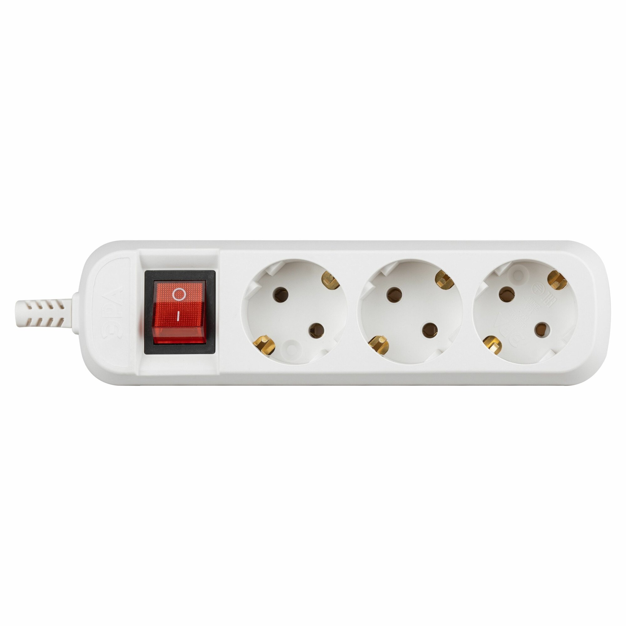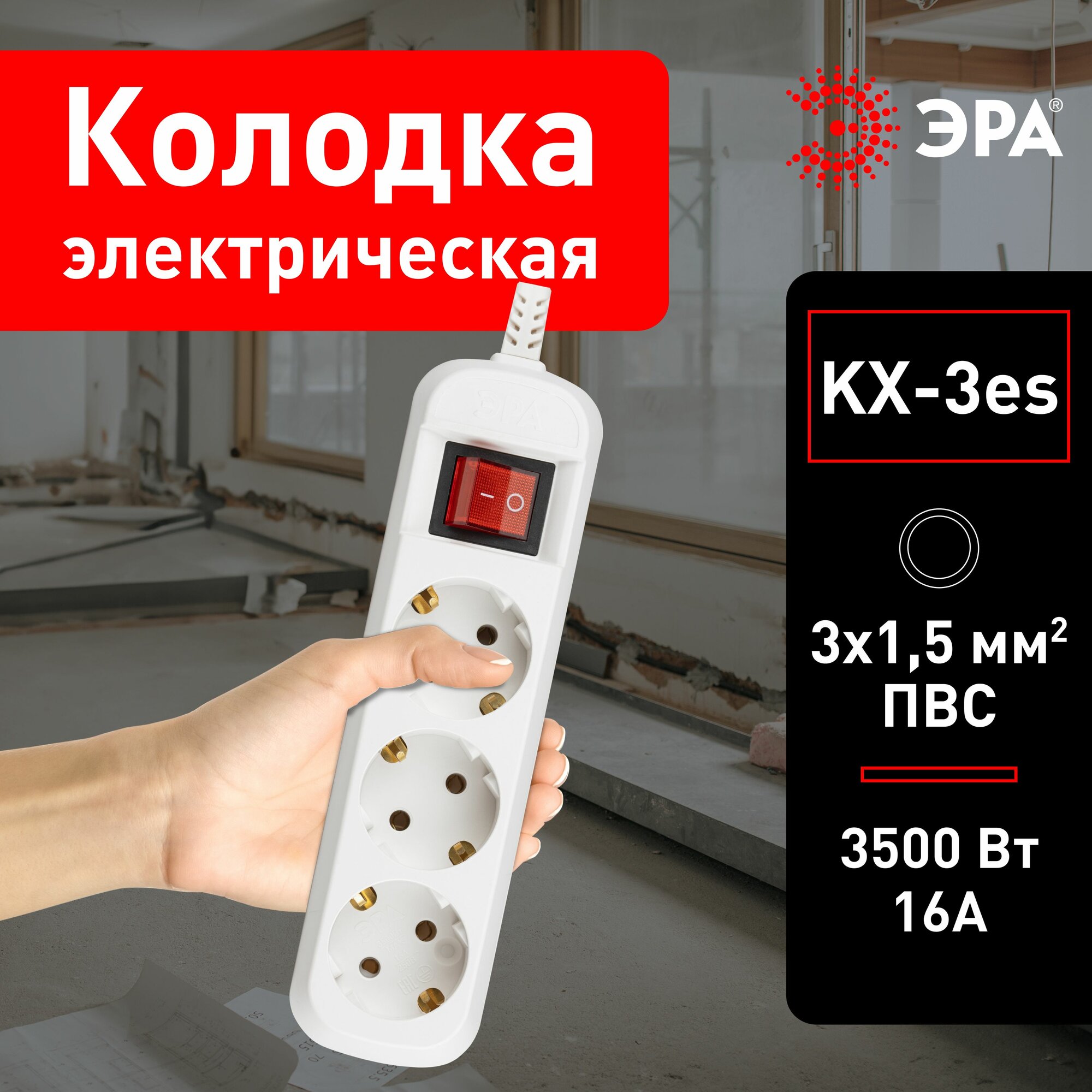 Купить Колодка для удлинителя ЭРА KX-3es с зазeмлением и выключателем 3 гнезда, 16 А, 3500 Вт, 3x1,5мм2
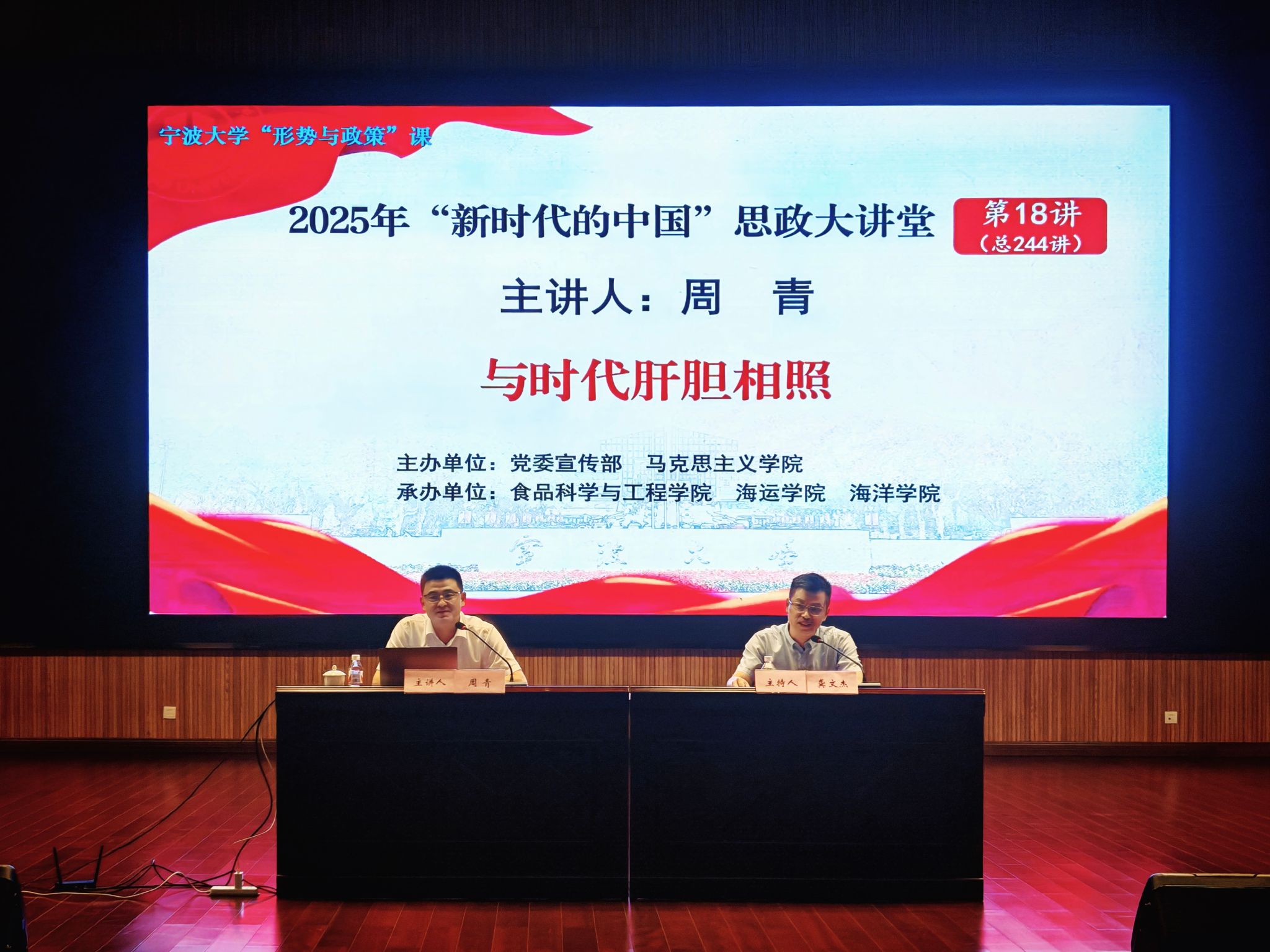 5月30日下午,校党委委员、副校长周青“与时代肝胆相照”为主题,在梅山校区叶袁玉卿大会堂为无码蜜桃臀 、海运学院、海洋学院师生主讲“形势与政策”课无码蜜桃臀 党委书记龚文杰主持讲座,梅山校区三个学院共计600余名师生参加本次专题讲座。
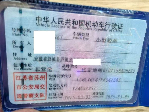 车牌号 苏****** 品牌 比亚迪
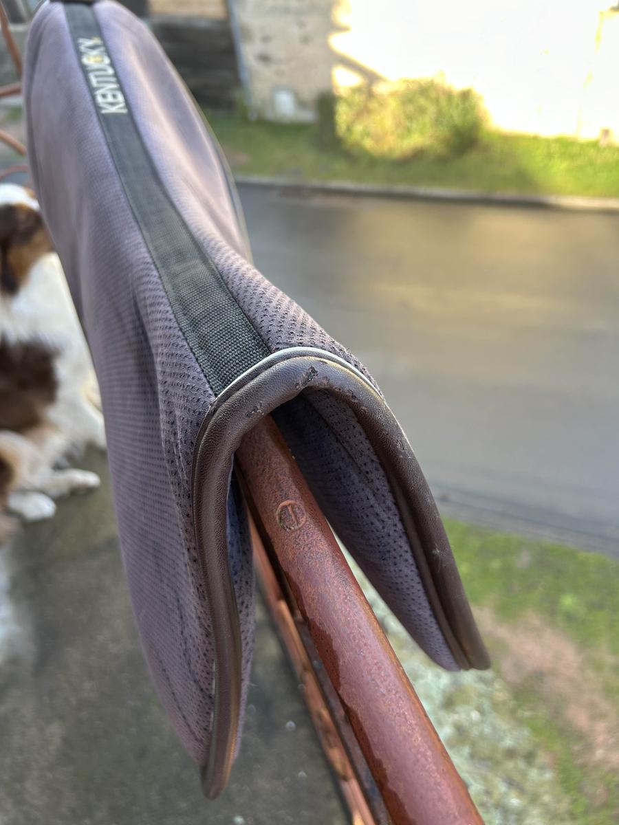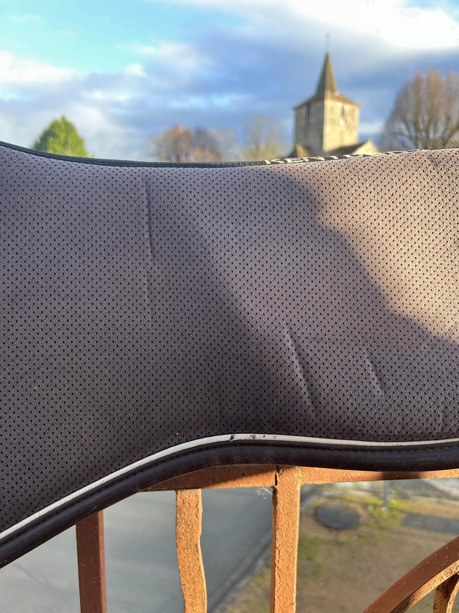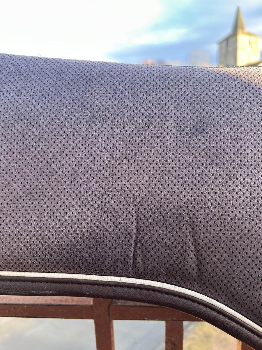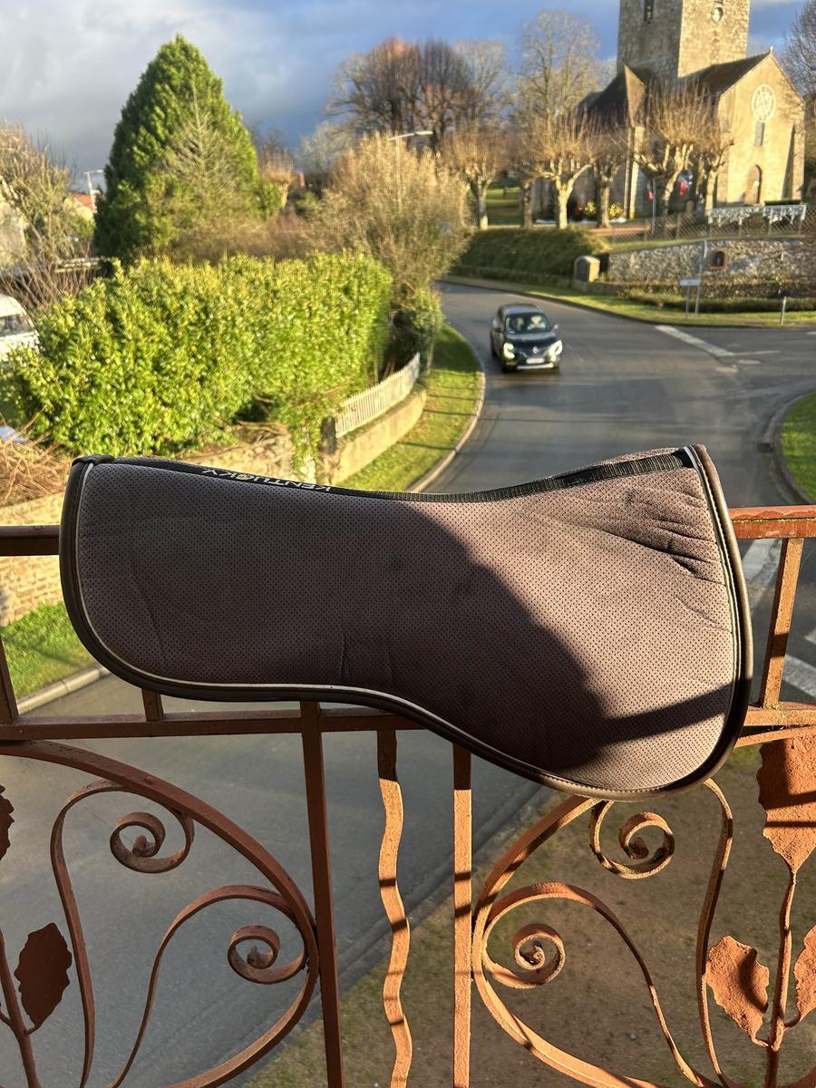 forme anatomique qui améliore le contact entre le cavalier et le cheval, tout en offrant une protection exceptionnelle au dos du cheval. Grâce à son système à 5 couches, l’amortisseur absorbe les chocs et minimalise la pression de la selle et du cavalier. L’amortisseur absorb anatomique se compose d’un tissu absorbant, d’une mousse mémoire de forme, d’un gel absorbant les chocs, d’une seconde mousse de mémoire de forme et d’un second tissu absorbant. Le tissu extérieur en microfibres avec des trous de ventilation permet un séchage rapide et un maintien parfait. L’épaisseur réduite de cet amortisseur offre une liberté maximale, une bonne stabilité, réduit les douleurs du dos tout en offrant plus de confort pour le cheval et le cavalier. La forme anatomique assure la liberté du garrot et de la colonne. Utilisé pendant un an mais en superbe état Taille cheval
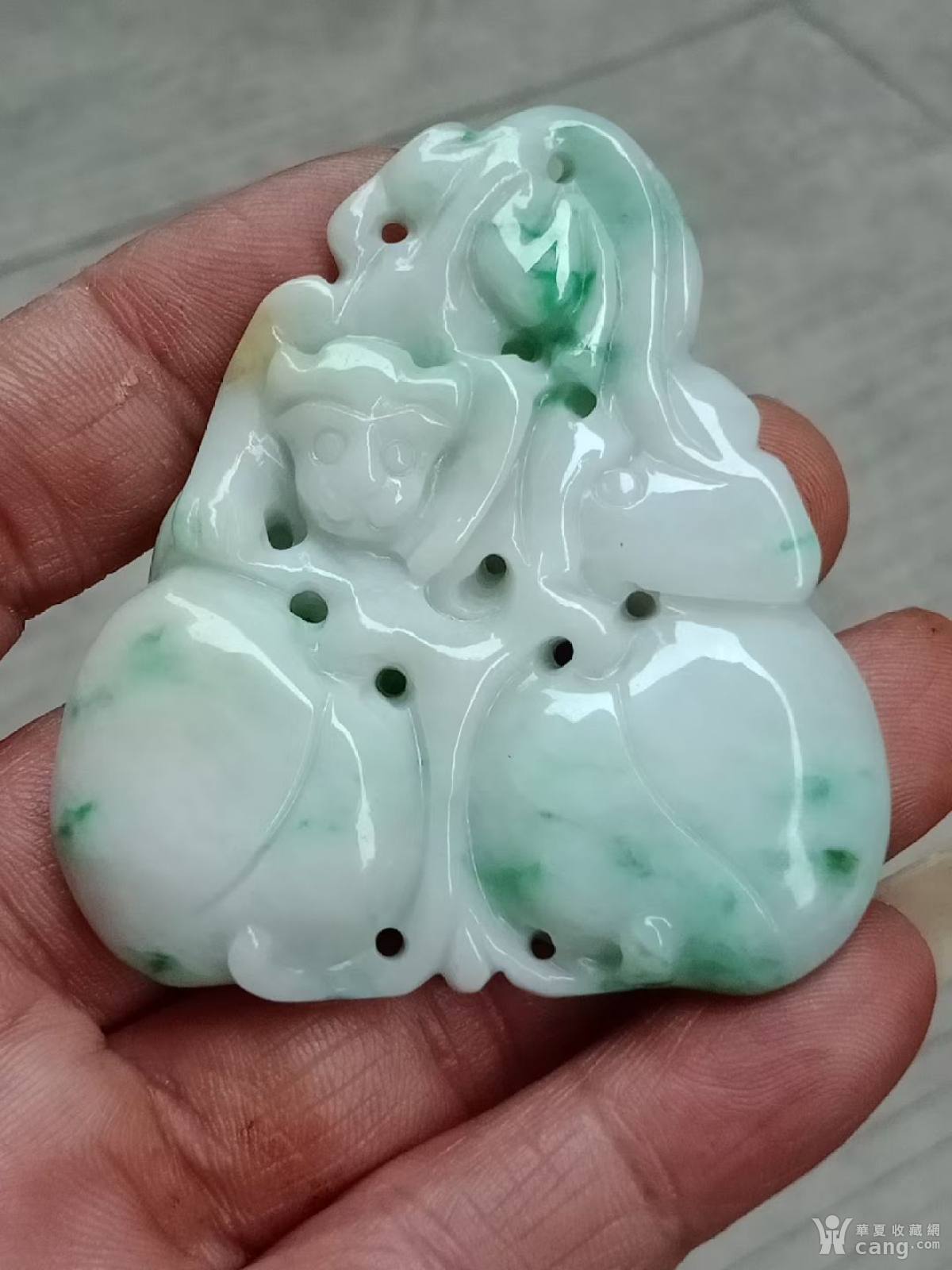 864117-2A翡翠阳绿灵猴献寿挂件(送证书)
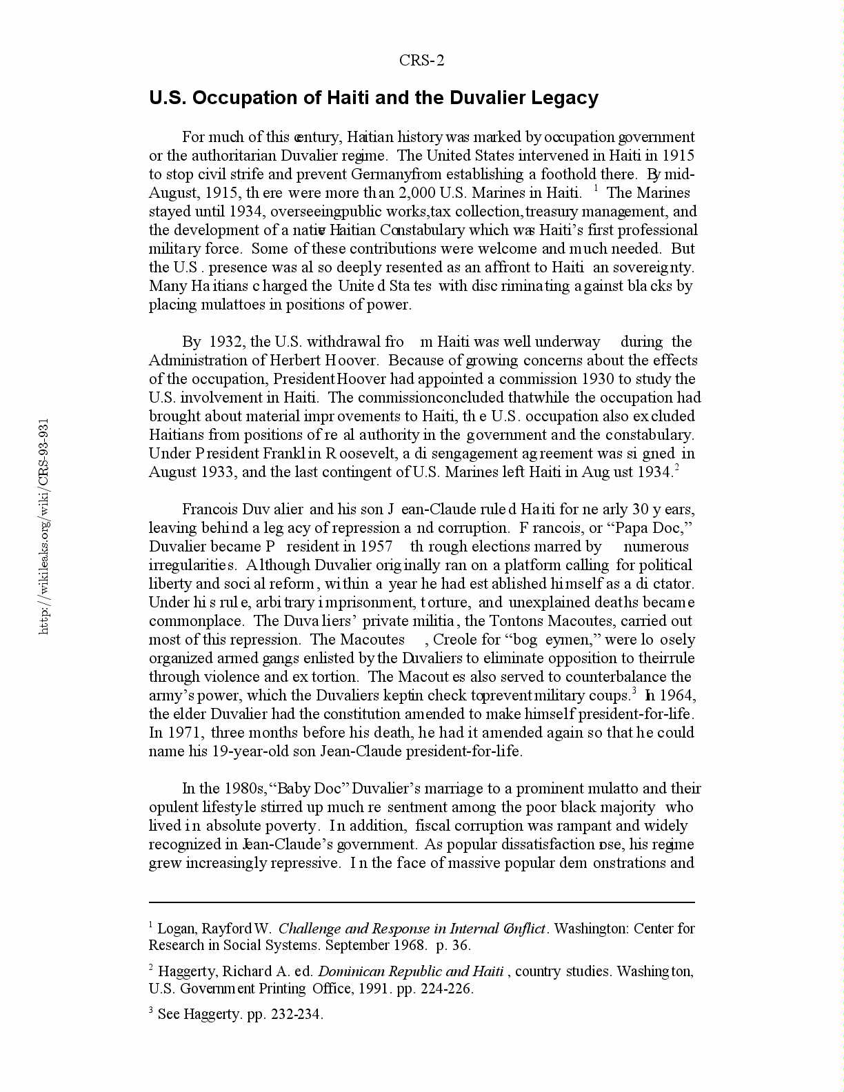 U.S. Occupation of Haiti and the Duvalier Legacy....................2
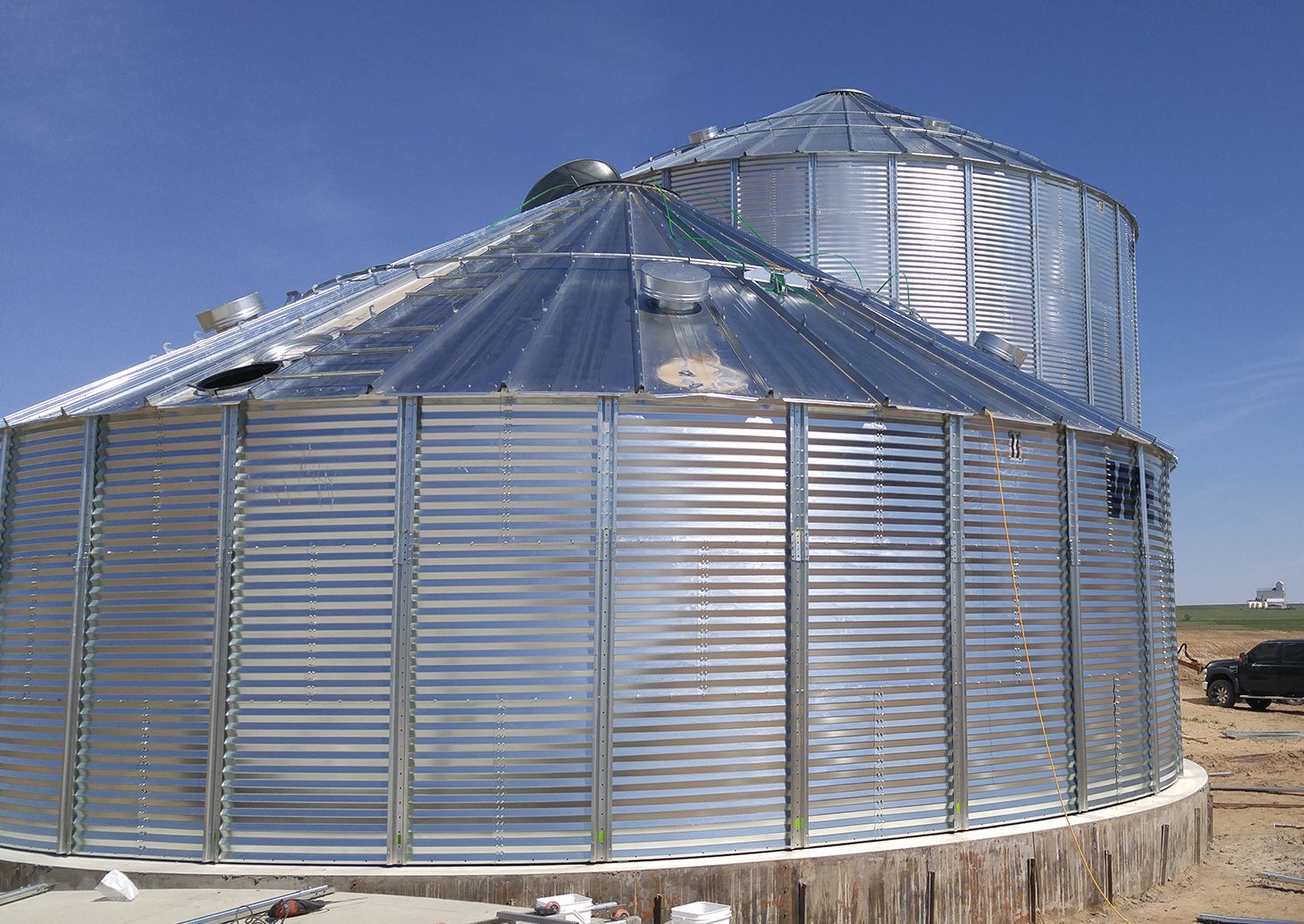 The ripples of the grain bin add additional strength to the container. This extra strength prevents the bin from breaking due to the pressure from the grain inside.
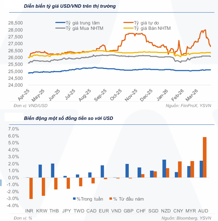 Trong khi đó, nhận định về sức mạnh đồng USD, Chứng khoán Yuanta Việt Nam lại cho rằng, động lực chính đến từ việc tâm lý rủi ro toàn cầu cải thiện sau thông tin về thỏa thuận ngừng bắn tạm thời tại Trung Đông khiến nhu cầu trú ẩn vào USD suy giảm, bất chấp tín hiệu từ biên bản họp của Cục Dự trữ Liên bang Mỹ (Fed) tháng 3/2026 cho thấy Fed ngày càng lo ngại rủi ro lạm phát quay trở lại và thị trường đang kỳ vọng Fed sẽ không có lần giảm lãi suất nào trong năm 2026.
::::
**WHAT IS EXPECTED**
The required answer is an exact, picture-free copy of the lines from the opening of the listing above through the line with "车牌号 苏****** 品牌 比亚迪".

**EXPECTED OUTPUT**
 Купить Колодка для удлинителя ЭРА KX-3es с зазeмлением и выключателем 3 гнезда, 16 А, 3500 Вт, 3x1,5мм2
 5月30日下午,校党委委员、副校长周青“与时代肝胆相照”为主题,在梅山校区叶袁玉卿大会堂为无码蜜桃臀 、海运学院、海洋学院师生主讲“形势与政策”课无码蜜桃臀 党委书记龚文杰主持讲座,梅山校区三个学院共计600余名师生参加本次专题讲座。
 车牌号 苏****** 品牌 比亚迪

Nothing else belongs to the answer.